The first part creates a list of files to be processed. The second part does the processing.

# create vector of filenames to be processed
in_filenames <- list.files(
file.path(in_directory, in_subfolders),
pattern = "\\.txt$",
full.names = TRUE,
recursive = TRUE)

# read and aggregate each file separately
mastertable <- rbindlist(
lapply(in_filenames, function(fn) {
# code for "fast filter" test goes here
message("Reading in ", fn)
temptable <- fread(fn,
colClasses = c(CUSTOMER_TIER = "character"),
na.strings = "")
# aggregate
temptable[, lapply(.SD, sum), by = .(CUST_ID), .SDcols = c("Ext Sale")]
})
)[
# THIS IS THE MISSING STEP:
# second aggregation for overall totals
, lapply(.SD, sum), by = .(CUST_ID), .SDcols = c("Ext Sale")]
Processing file: Raw Data/AA-CA/AA-CA 2017-01.txt
Processing file: Raw Data/AA-CA/AA-CA 2017-02.txt
Processing file: Raw Data/CB-HZ/CB-HZ 2017-01.txt
Processing file: Raw Data/CB-HZ/CB-HZ 2017-02.txt
mastertable
     CUST_ID Ext Sale
1: AK0010001 427.803
2: CO0020001 1540.300
3: CO0010001 -179.765

Note that chaining of data.table expressions is used here.



Edit 1:

By request of the OP, here is the complete code (except for the "fast filtering" stuff). There are some additional lines which where modified. They are marked with ### MODIFIED.
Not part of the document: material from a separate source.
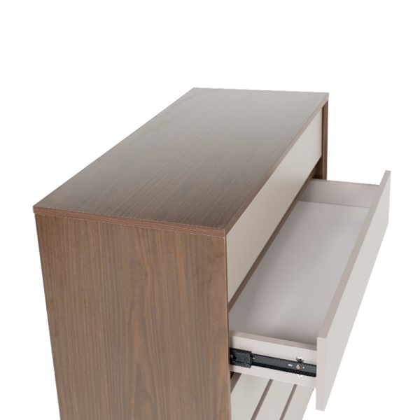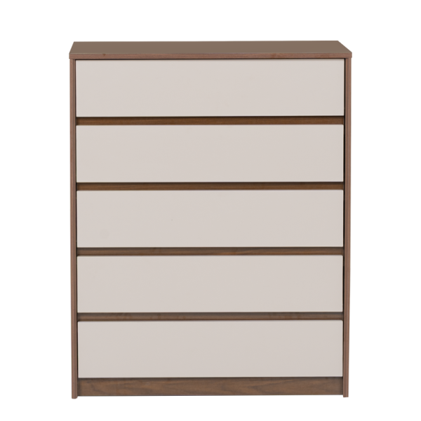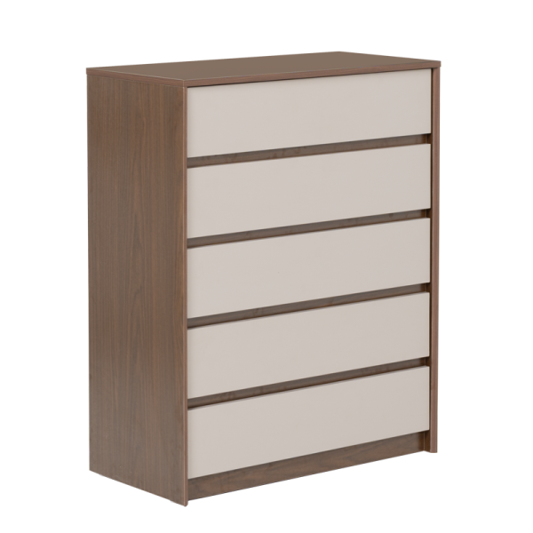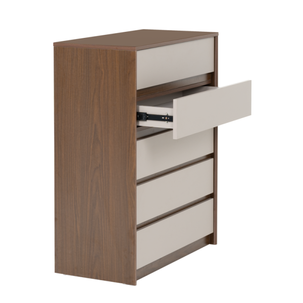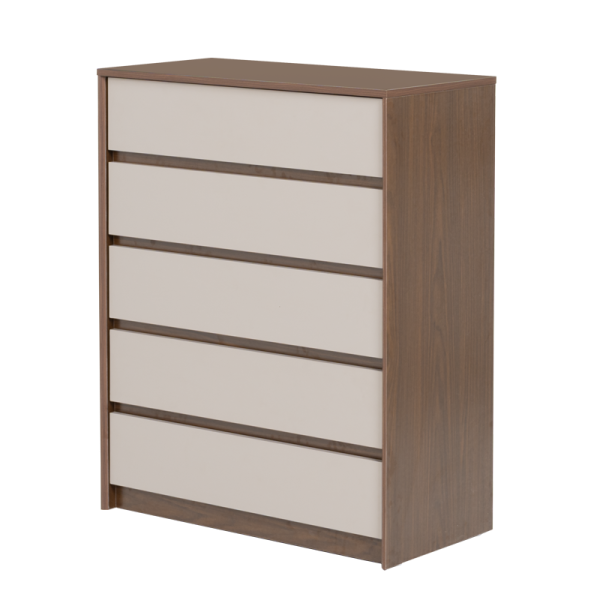 Скрин LIBERTAD съчетава елегантна визия с практичност – разполага с 5 широки чекмеджета за удобно съхранение на дрехи, аксесоари и други вещи. Изчистеният му дизайн и топлата комбинация от дървесен декор и неутрални фронтове го правят подходящ за различни интериори.

library(data.table, warn.conflicts = FALSE)
library(lubridate, warn.conflicts = FALSE)

################
## PARAMETERS ##
################

# Set path of major source folder for raw transaction data
in_directory <- "Raw Data" ### MODIFIED

# List names of sub-folders (currently grouped by first two characters of CUST_ID)
in_subfolders <- list("AA-CA", "CB-HZ")

# Set location for output
out_directory <- "YTD Master" ### MODIFIED
out_filename <- "OUTPUT.csv"

# Set beginning and end of date range to be collected - year-month-day format
date_range <- interval(as.Date("2017-01-01"), as.Date("2017-02-28")) ### MODIFIED

# Enable or disable filtering of raw files to only grab items bought within certain months to save space.
# If false, all files will be scanned for unique items, which will take longer and be a larger file.
date_filter <- TRUE

##########
## CODE ##
##########

starttime <- Sys.time()

# create vector of filenames to be processed
in_filenames <- list.files(
file.path(in_directory, in_subfolders),
pattern = "\\.txt$",
full.names = TRUE,
recursive = TRUE)

# read and aggregate each file separetely
mastertable <- rbindlist(
lapply(in_filenames, function(fn) {
# code for fast filter test goes here
message("Processing file: ", fn)
temptable <- fread(fn,
colClasses = c(CUSTOMER_TIER = "character"),
na.strings = "")
# aggregate by month
temptable[, lapply(.SD, sum), by = .(CUST_ID), .SDcols = c("Ext Sale")]
})
)[
# second aggregation overall
, lapply(.SD, sum), by = .(CUST_ID), .SDcols = c("Ext Sale")]

# Save Final table
print("Saving master table")
fwrite(mastertable, paste0(out_directory, out_filename))
# rm(mastertable) ### MODIFIED

print(Sys.time()-starttime)


Edit 2

The OP has asked to include the "fast filter" code which I had omitted for brevity.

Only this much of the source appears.